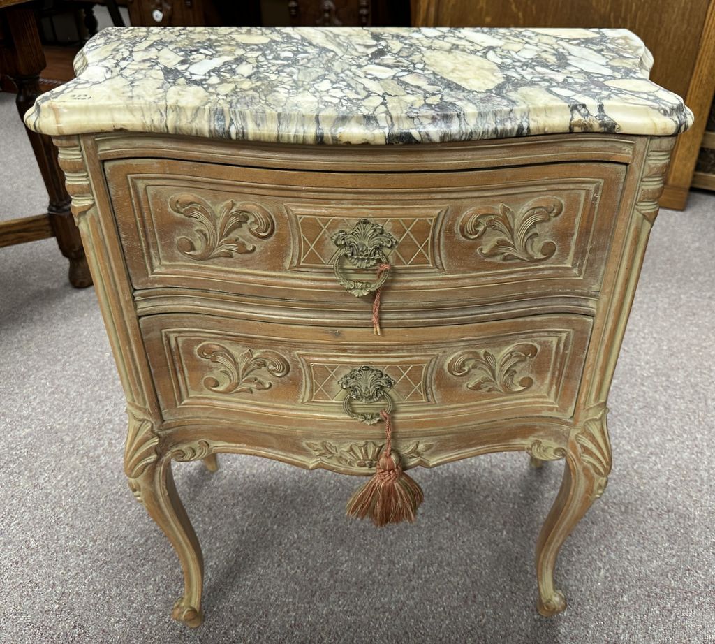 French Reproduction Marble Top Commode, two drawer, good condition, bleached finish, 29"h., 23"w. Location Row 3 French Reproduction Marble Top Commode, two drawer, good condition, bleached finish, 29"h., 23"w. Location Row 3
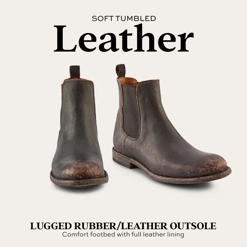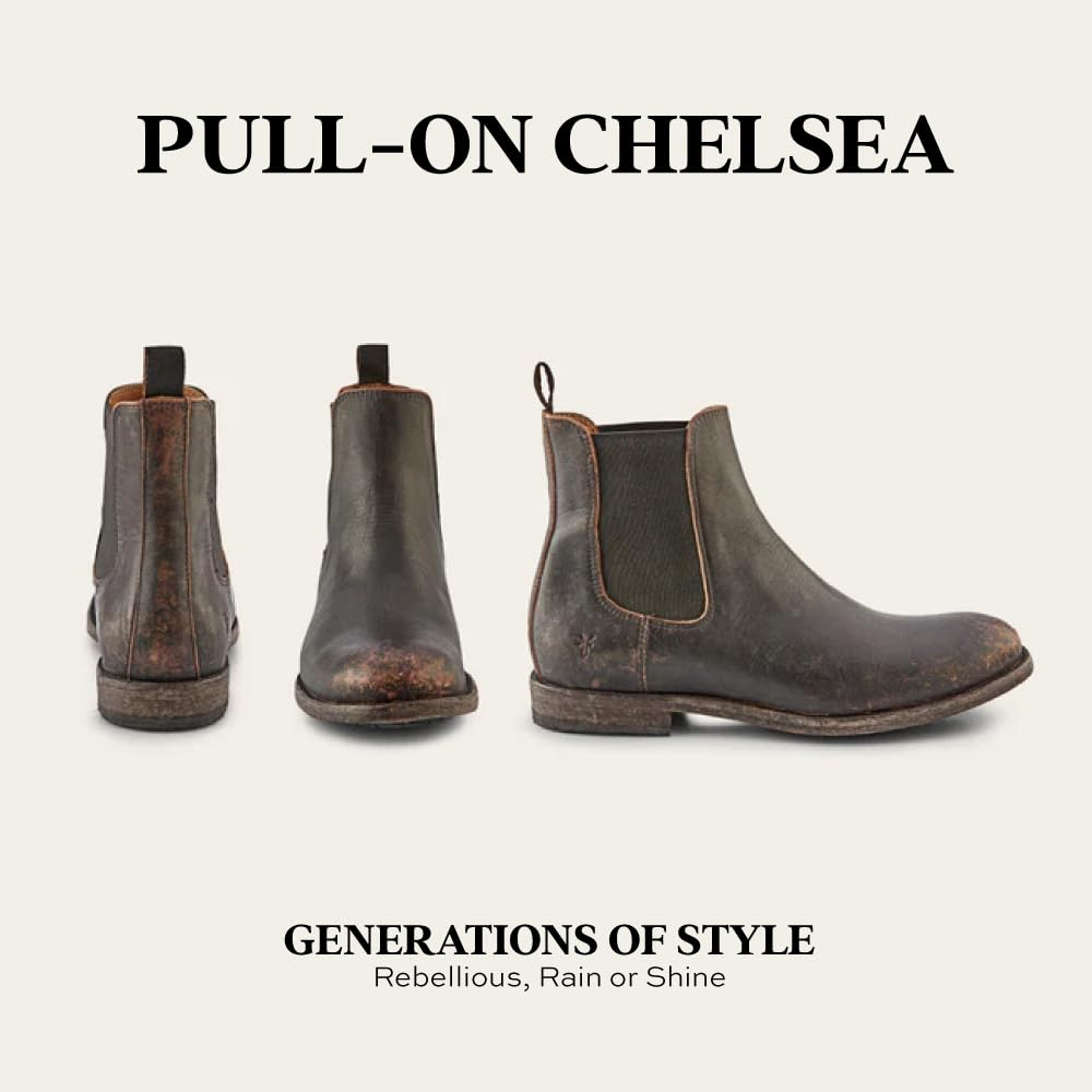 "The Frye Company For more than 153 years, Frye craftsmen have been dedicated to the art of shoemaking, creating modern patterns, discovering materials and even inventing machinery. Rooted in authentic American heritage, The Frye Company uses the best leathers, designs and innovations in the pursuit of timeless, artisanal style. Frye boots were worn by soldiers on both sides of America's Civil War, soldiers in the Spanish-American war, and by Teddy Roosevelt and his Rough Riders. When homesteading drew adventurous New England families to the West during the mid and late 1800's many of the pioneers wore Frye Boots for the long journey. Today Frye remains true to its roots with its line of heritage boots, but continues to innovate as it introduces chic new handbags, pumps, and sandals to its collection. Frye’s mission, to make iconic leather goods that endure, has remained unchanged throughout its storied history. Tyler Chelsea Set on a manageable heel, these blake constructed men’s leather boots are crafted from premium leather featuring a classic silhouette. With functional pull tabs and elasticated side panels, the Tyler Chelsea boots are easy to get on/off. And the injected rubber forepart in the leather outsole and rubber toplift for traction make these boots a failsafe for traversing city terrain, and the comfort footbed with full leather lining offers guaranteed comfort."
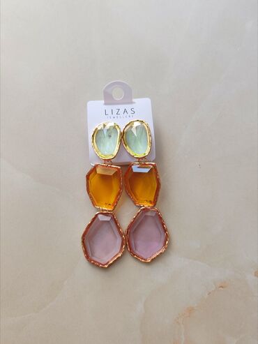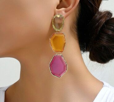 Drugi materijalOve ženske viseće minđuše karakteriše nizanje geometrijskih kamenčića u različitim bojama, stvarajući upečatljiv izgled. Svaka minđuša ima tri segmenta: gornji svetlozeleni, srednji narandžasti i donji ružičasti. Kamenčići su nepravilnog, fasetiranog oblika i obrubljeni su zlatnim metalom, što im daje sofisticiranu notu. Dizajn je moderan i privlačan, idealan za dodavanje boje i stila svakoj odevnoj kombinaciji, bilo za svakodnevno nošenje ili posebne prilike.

━━━━━━━━━━━━━━━━━━━━

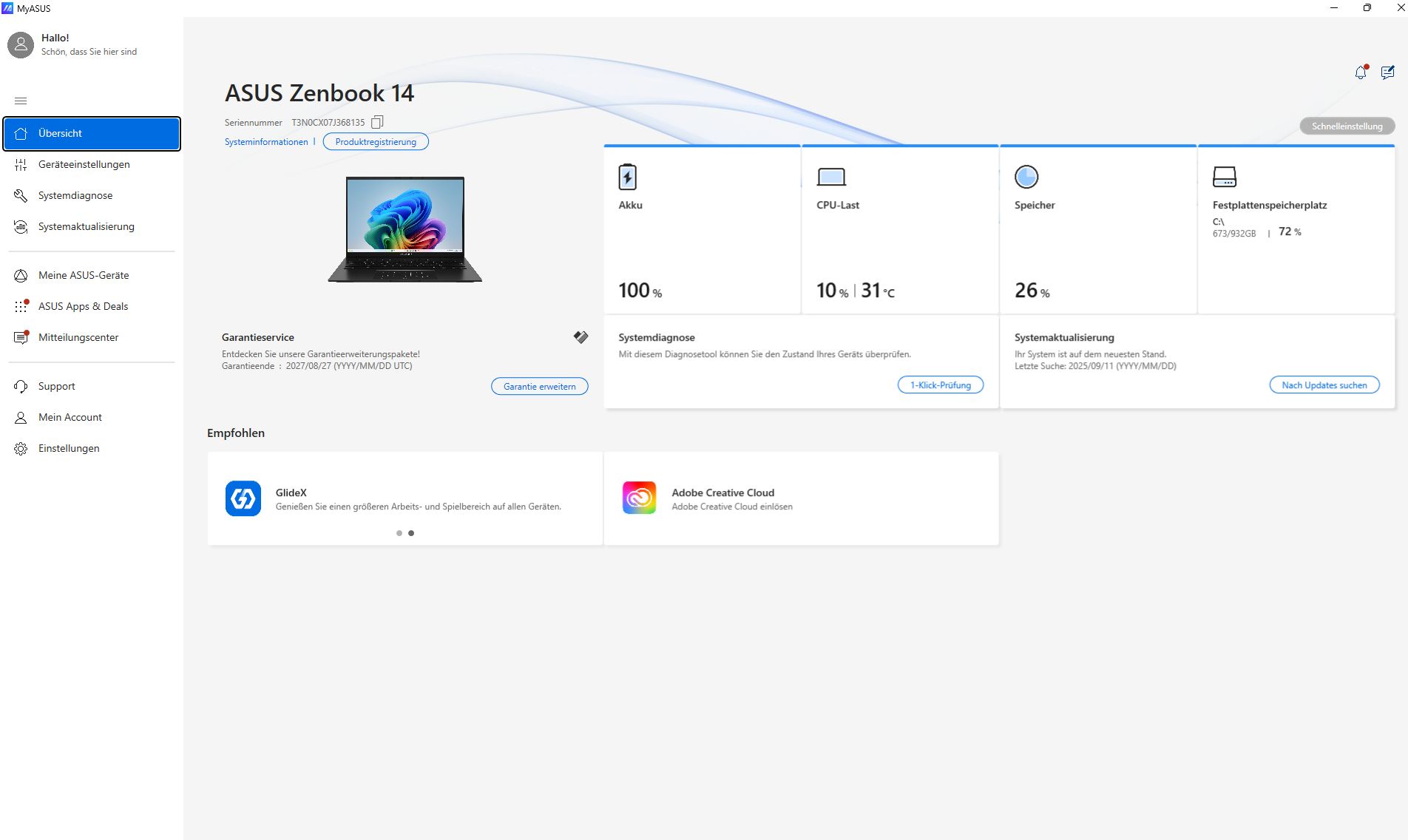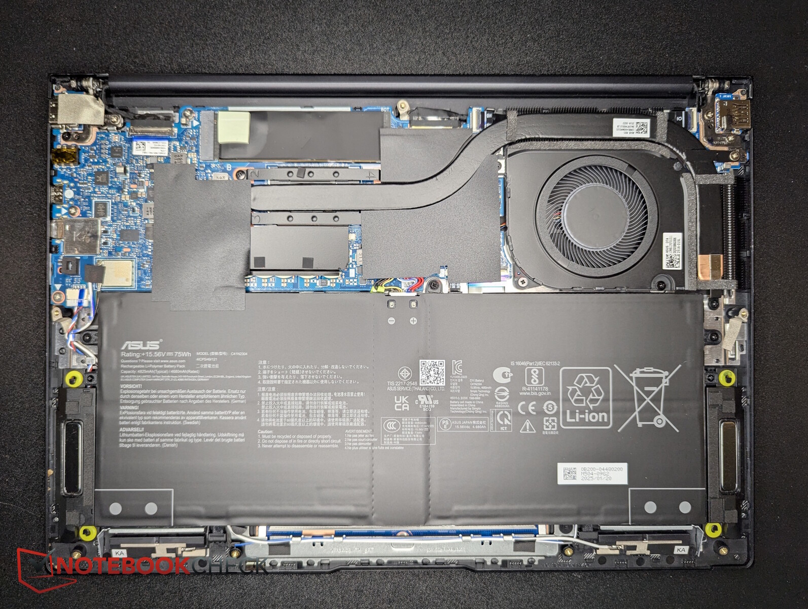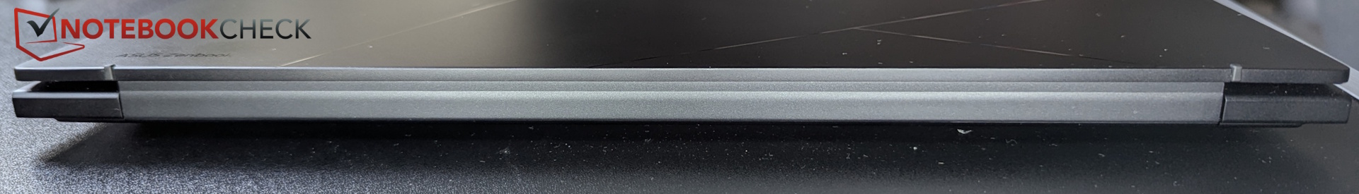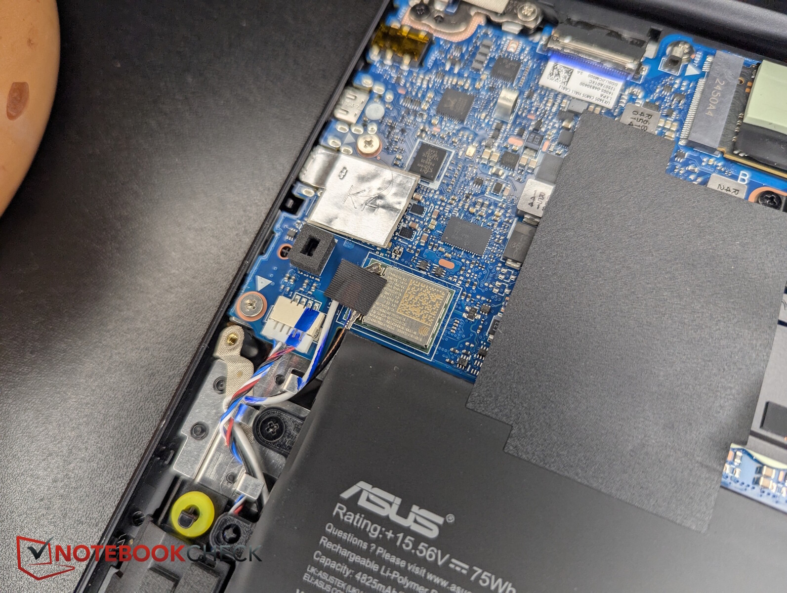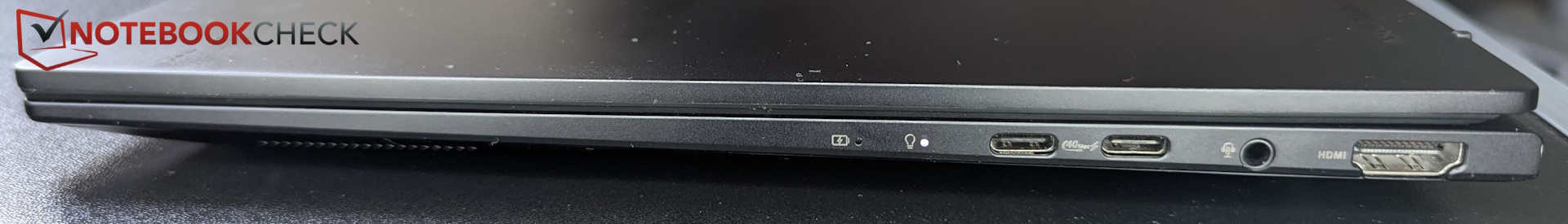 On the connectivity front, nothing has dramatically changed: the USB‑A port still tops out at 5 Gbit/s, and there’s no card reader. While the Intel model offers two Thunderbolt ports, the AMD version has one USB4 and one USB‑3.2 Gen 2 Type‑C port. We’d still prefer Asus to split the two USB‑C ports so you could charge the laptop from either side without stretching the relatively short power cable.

━━━━━━━━━━━━━━━━━━━━

**WHAT YOU SHOULD DO**. Using the data above, output the line that has "Frye Company For", the line that has "Drugi materijalOve ženske", and whatever lines fall between, each exactly as it stands and without pictures.

**YOUR SOLUTION**.
 "The Frye Company For more than 153 years, Frye craftsmen have been dedicated to the art of shoemaking, creating modern patterns, discovering materials and even inventing machinery. Rooted in authentic American heritage, The Frye Company uses the best leathers, designs and innovations in the pursuit of timeless, artisanal style. Frye boots were worn by soldiers on both sides of America's Civil War, soldiers in the Spanish-American war, and by Teddy Roosevelt and his Rough Riders. When homesteading drew adventurous New England families to the West during the mid and late 1800's many of the pioneers wore Frye Boots for the long journey. Today Frye remains true to its roots with its line of heritage boots, but continues to innovate as it introduces chic new handbags, pumps, and sandals to its collection. Frye’s mission, to make iconic leather goods that endure, has remained unchanged throughout its storied history. Tyler Chelsea Set on a manageable heel, these blake constructed men’s leather boots are crafted from premium leather featuring a classic silhouette. With functional pull tabs and elasticated side panels, the Tyler Chelsea boots are easy to get on/off. And the injected rubber forepart in the leather outsole and rubber toplift for traction make these boots a failsafe for traversing city terrain, and the comfort footbed with full leather lining offers guaranteed comfort."
 Drugi materijalOve ženske viseće minđuše karakteriše nizanje geometrijskih kamenčića u različitim bojama, stvarajući upečatljiv izgled. Svaka minđuša ima tri segmenta: gornji svetlozeleni, srednji narandžasti i donji ružičasti. Kamenčići su nepravilnog, fasetiranog oblika i obrubljeni su zlatnim metalom, što im daje sofisticiranu notu. Dizajn je moderan i privlačan, idealan za dodavanje boje i stila svakoj odevnoj kombinaciji, bilo za svakodnevno nošenje ili posebne prilike.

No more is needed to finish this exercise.